Electrosuisse-Tagung zu Produktkonformität Product Compliance – oder welchen „Reisepass“ braucht mein Produkt?
Nicht nur Menschen, sondern auch Handelsgüter müssen sich „ausweisen“, wenn sie in einem neuen Land Fuß fassen wollen. Doch welcher Ausweis gilt für welches Produkt? Und wer stellt die nötigen Papiere aus? Antworten auf diese und viele andere Konformitätsfragen gab es an der Electrosuisse-Tagung „Product Compliance“ am 26./27. Oktober in Bern.
Anbieter zum Thema

Sichere, leistungsstarke Geräte und einen fairen Wettbewerb – das wollen alle. Die damit einhergehenden Vorschriften, Richtlinien und Normen bringen Hersteller, Importeure und Händler allerdings schon mal an ihre Grenzen: Ist mein Produkt nun eine Maschine, ein Gerät oder dank Internetzugang gar eine Funkanlage? Darf ich die Konformitätsprüfung selbst durchführen oder muss ich mich an eine Prüfstelle wenden? Und wenn ja, was dann?
Die Flut von immer neuen Gesetzen, Vorschriften und Bestimmungen ist überwältigend. Also Augen zu und durch – und hoffen, dass es schon gut gehen wird? Oder nichts dem Zufall überlassen und jeden Spezialfall absichern?
An der „Product Compliance“-Tagung von Electrosuisse und Globalnorm GmbH Berlin lernten die zahlreich erschienenen Teilnehmenden differenziertere Wege im Umgang mit dem komplexen Thema kennen. Gastgeber Jürg Rellstab, Leiter Zertifizierung Produkte bei Electrosuisse, führte durch ein Tagungsprogramm, das nicht nur technische, sondern auch politische, rechtliche und organisatorische Aspekte der Product Compliance beleuchtete. Einige Highlights der modular aufgebauten Veranstaltung seien hier hervorgehoben.

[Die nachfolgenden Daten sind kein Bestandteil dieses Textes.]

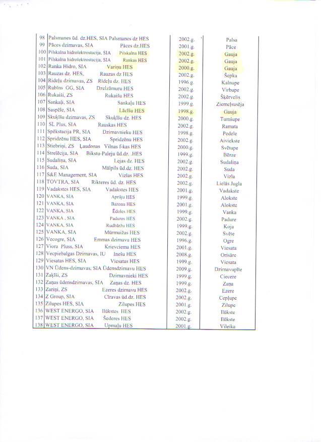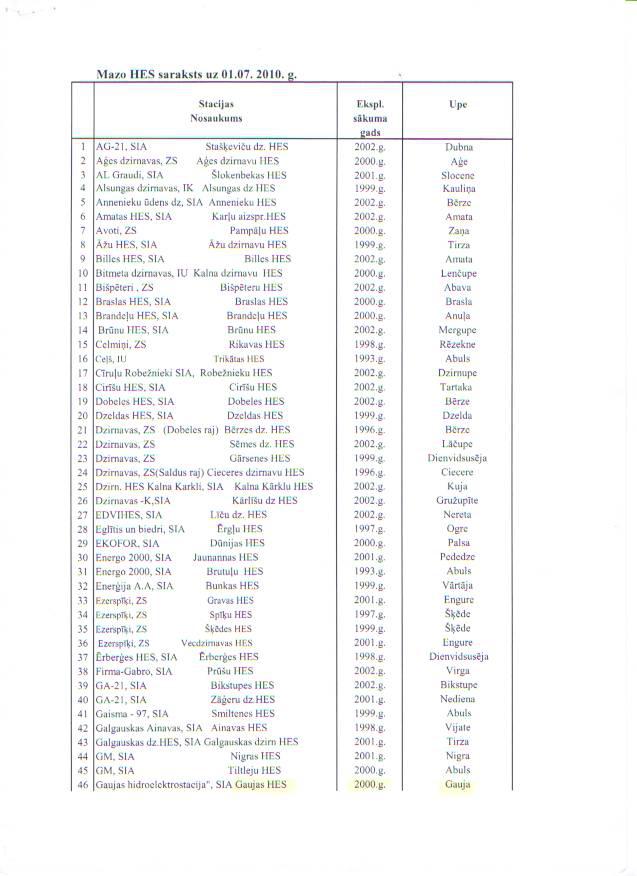 Latvijas mazo HES saraksts

Eintrittsticket für den EU-Markt
Die Europäische Union ist der wichtigste Handelspartner der Schweiz. 60 Prozent der Exporte gehen in den europäischen Wirtschaftsraum. Viele Handelshemmnisse konnten in den letzten Jahren durch bilaterale Verträge abgebaut werden. Im Gegenzug verpflichtete sich die Schweiz, die europäischen CE-Richtlinien zu übernehmen. Was EU-Neulinge (und Konsumenten!) oft nicht wissen: Die Hersteller bringen die CE-Kennzeichnung selbst auf ihren Produkten an. Sie bezeugen damit, dass sie die Richtlinien und Verordnungen der EU „in gutem Treu und Glauben“ einhalten. Die CE-Kennzeichnung ist also kein neutrales Prüf- oder Qualitätslabel.
Wer jedoch für Stichproben der Marktaufsichtsbehörden oder für eine allfällige Haftungsklage gewappnet sein will, muss dafür sorgen, dass, wo CE draufsteht, auch CE drin ist. Dazu gehört selbstverständlich mehr als ein korrekt angebrachter CE-Kleber. Welche Produkte unter die CE-Kennzeichnungspflicht fallen, wo Information und Unterstützung zu den betreffenden Richtlinien und Verordnungen zu finden sind und wie sich Konformitätsprojekte effektiv abwickeln lassen, erfuhren die Teilnehmenden im Basis-Seminar CE-Richtlinien.
Nichttarifäre Handelshemmnisse – ein Thema mit Zukunft
Aus der Perspektive der Politik und der Behörden beleuchtete Christophe Perritaz, Leiter „nichttarifarische Maßnahmen“ beim Staatssekretariat für Wirtschaft
(SECO), den internationalen Marktzugang.Da die technischen Vorschriften mit der EU weitestgehend harmonisiert sind, konnte im MRA (Abkommen über die gegenseitige Anerkennung von Konformitätsbewertungen) der Marktzutritt für 20 Produktbereiche erheblich vereinfacht werden. Doch eine so weitgehende Harmonisierung ist nicht mit mehreren Partnern möglich. Mit den außereuropäischen Handelspartnern wird die regulatorische Zusammenarbeit deshalb zum Beispiel durch Freihandelsabkommen gefördert. Ziel dieser Abkommen ist die gegenseitige Anerkennung spezifischer Sektoren sowie langfristig eine größere Konvergenz der gesamten technischen Gesetzgebung. Allerdings sorgen die rasch zunehmende Produktvielfalt, sowie die Tendenz vieler Märkte „sich nach innen zu wenden“ laufend für neue Vorschriften. Das Thema „technische Handelshemmnisse“ wird deshalb trotz aller Verhandlungserfolge auch in Zukunft aktuell bleiben.